Exploratory data analysis


This is not a complete EDA for this data.

Univariate EDA

ggplot(data = charter, aes(x = MathAvgScore))  + 
  geom_histogram(fill = "steelblue", color = "black") + 
  labs(title = "Average math scores", 
  subtitle = "6th graders in Minneapolis public schools")

Bivariate EDA

ggplot(data = charter, aes(x = charter, y = MathAvgScore)) + 
  geom_boxplot(fill = "steelblue", color = "black")  +
  labs(title = "Average math scores of 6th graders in Minneapolis public schools", 
       subtitle = "by school type")

Ex 1

Make a scatterplot of the average math score versus the proportion of students who receive free or reduced lunches in a school (based on 2010 figures).

## scatterplot
Ex 2

What do you observe from each bivariate plot?

Lattice plot

Make a lattice plot of the average math scores over time for 24 randomly selected schools.


# get sample of 24 schools
sample_schools <- charter |>
  distinct(schoolid) |>
  sample_n(24) |> pull()

# get data for those schools
sample_data <- charter |>
  filter(schoolid %in% sample_schools)
## lattice plot

Spaghetti plots

Plot average math scores over time for each school.

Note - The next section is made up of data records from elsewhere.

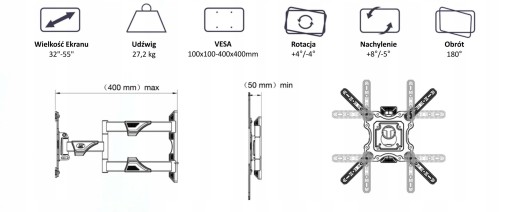 Obrotowy Uchwyt na Telewizor 32-55 Cali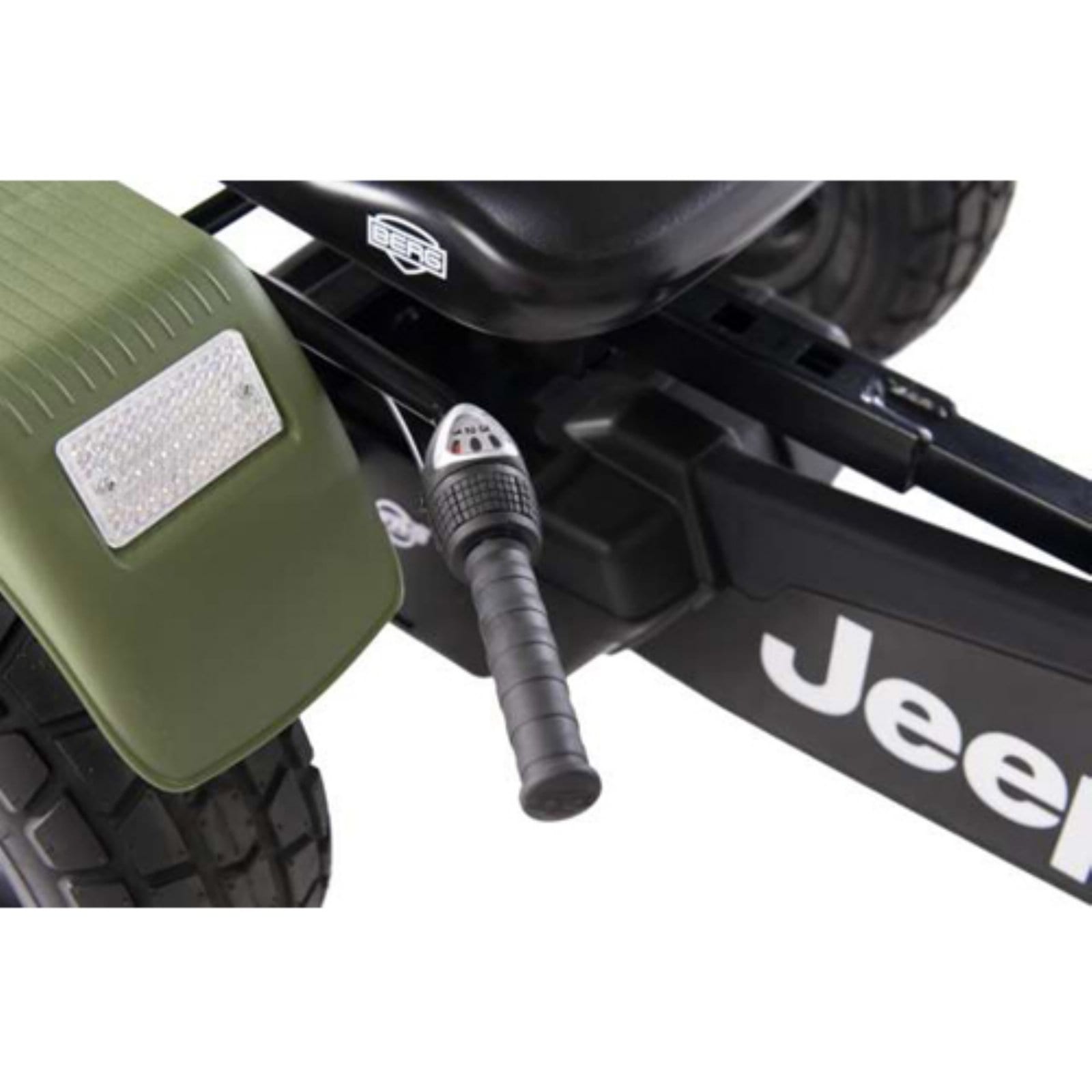 The Jeep Revolution BFR-3 is a sturdy go kart with no fewer than three gears, back-pedal brake and unique system that allows you to pedal both forwards and backwards. Thanks to the double ball bearings steering is extremely light, making you manoeuvrable in every curve.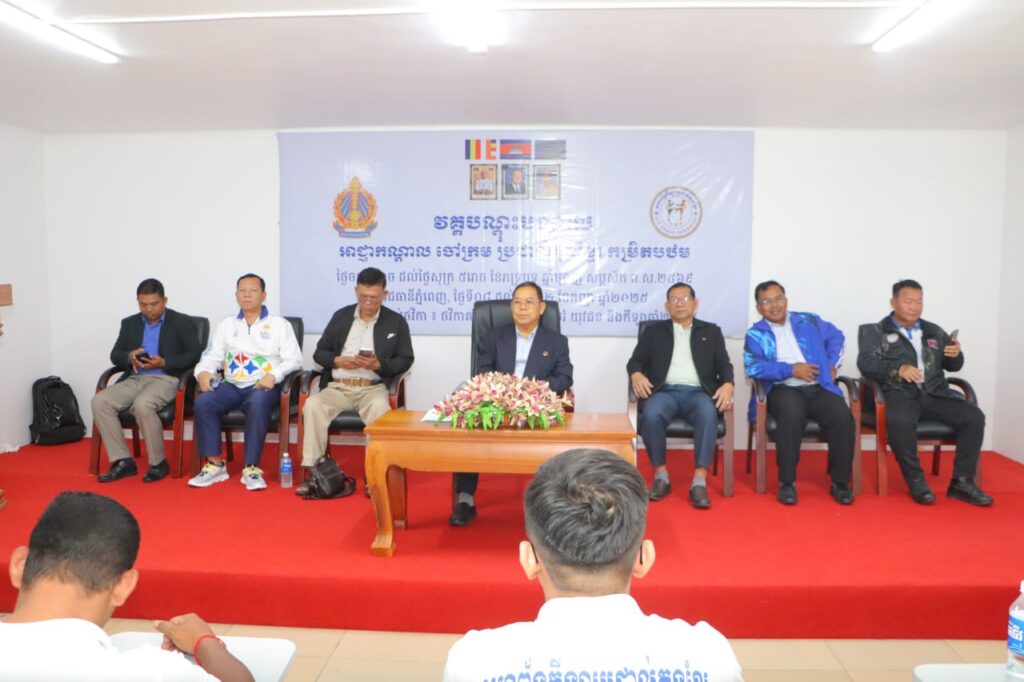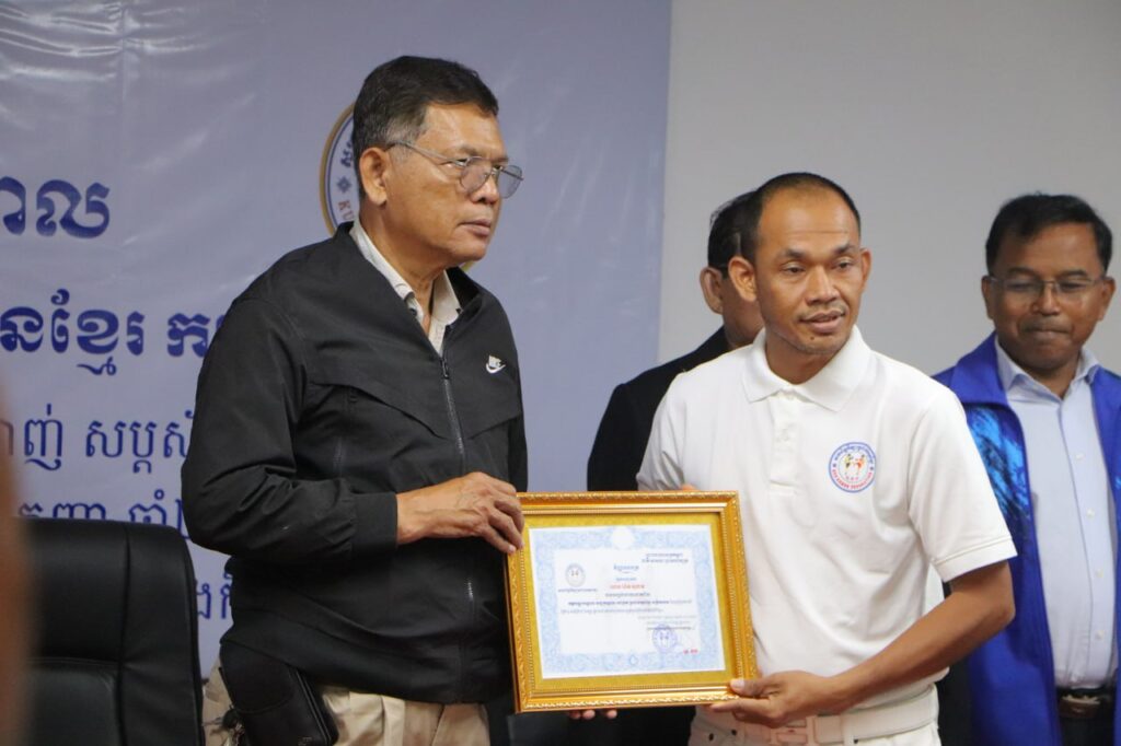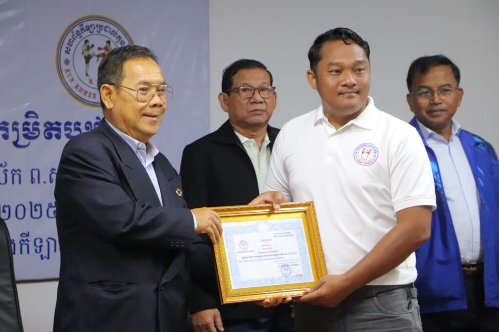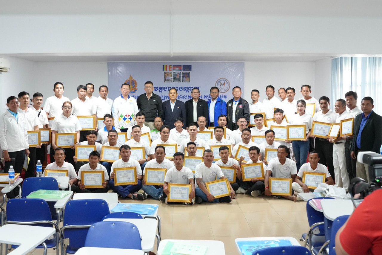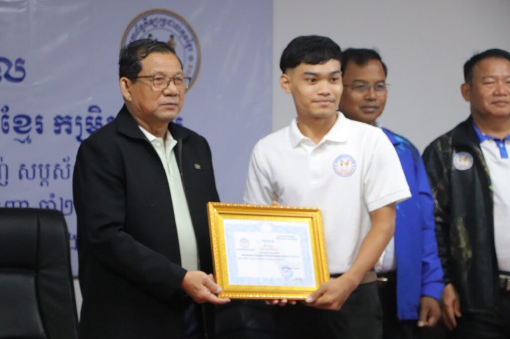 ភ្នំពេញ៖ លោក ម៉ិល កាដូ អនុប្រធានសហព័ន្ធកីឡាប្រដាល់គុនខ្មែរតំណាងឲ្យលោក ខូវ ឆាយ ប្រធានសហព័ន្ធកីឡាប្រដាល់គុនខ្មែរលោក ហួត សេងទ្រី ប្រធាននាយកដ្ឋានរៀបចំព្រឹត្តិការណ៍និងស្ថិតិកីឡា និងលោក ទុយ ប៊ុនហឿន អនុប្រធាននាយកដ្ឋាន តំណាង លោក ប៉ែន វុទ្ធី ប្រធាននាយកដ្ឋានកីឡាជំនាញ និងកីឡាមហាជន នាថ្ងៃទី១២ ខែកញ្ញា ឆ្នាំ២០២៥បានអញ្ជើញចូលរួមពិធីបិទវគ្គបណ្តុះបណ្តាលអាជ្ញាកណ្តាល ចៅក្រម កីឡាប្រដាល់គុនខ្មែរ កម្រិតបឋម នៅសាលប្រជុំនាយកដ្ឋានរៀបចំព្រឹត្តិការណ៍និងស្ថិតិកីឡា ពហុកីឡដ្ឋានជាតិអូឡាំពិក។

Apply a LOESS smoother (locally estimated scatterplot smoother).

ggplot(data = charter, aes(x = year08, y = MathAvgScore)) + 
  geom_line(aes(group = schoolid), color = "light gray") + 
  geom_smooth(color = "black", linewidth = 1, method = "loess") + 
  labs(x ="Years since 2008",
       y ="Average Math Scores", 
       title = "Math Scores over time for 6th graders in Minneapolis public schools")

Ex 3
  • What features are easier to observe in the lattice plots versus the spaghetti plot?

  • What features are easier to observe in the spaghetti plot versus the lattice plot?

Ex 4
  • Make a separate spaghetti plot of average maths scores over time by school type (charter vs. non-charter).
# spaghetti plot by school type
Ex 5
  • How do the typical math scores from charter and non-charter schools compare over time?

  • How does the variability in math scores from charter and non-charter schools compare over time?

Unconditional means model

Ex 6

Fit the unconditional means model and calculate the intraclass correlation.

# Fit the unconditional means model
# Calculate the intraclass correlation

Unconditional growth model

Ex 7

Fit the unconditional growth model.

# Fit the unconditional growth model
Ex 8

Calculate the \(Pseudo R^2\) to estimate the change of within school variance between the unconditional means and unconditional growth models.

# Pseudo R^2

Model with school-level covariates

Ex 9

Fit the model with the school-level covariates.

# Fit model with school level covariates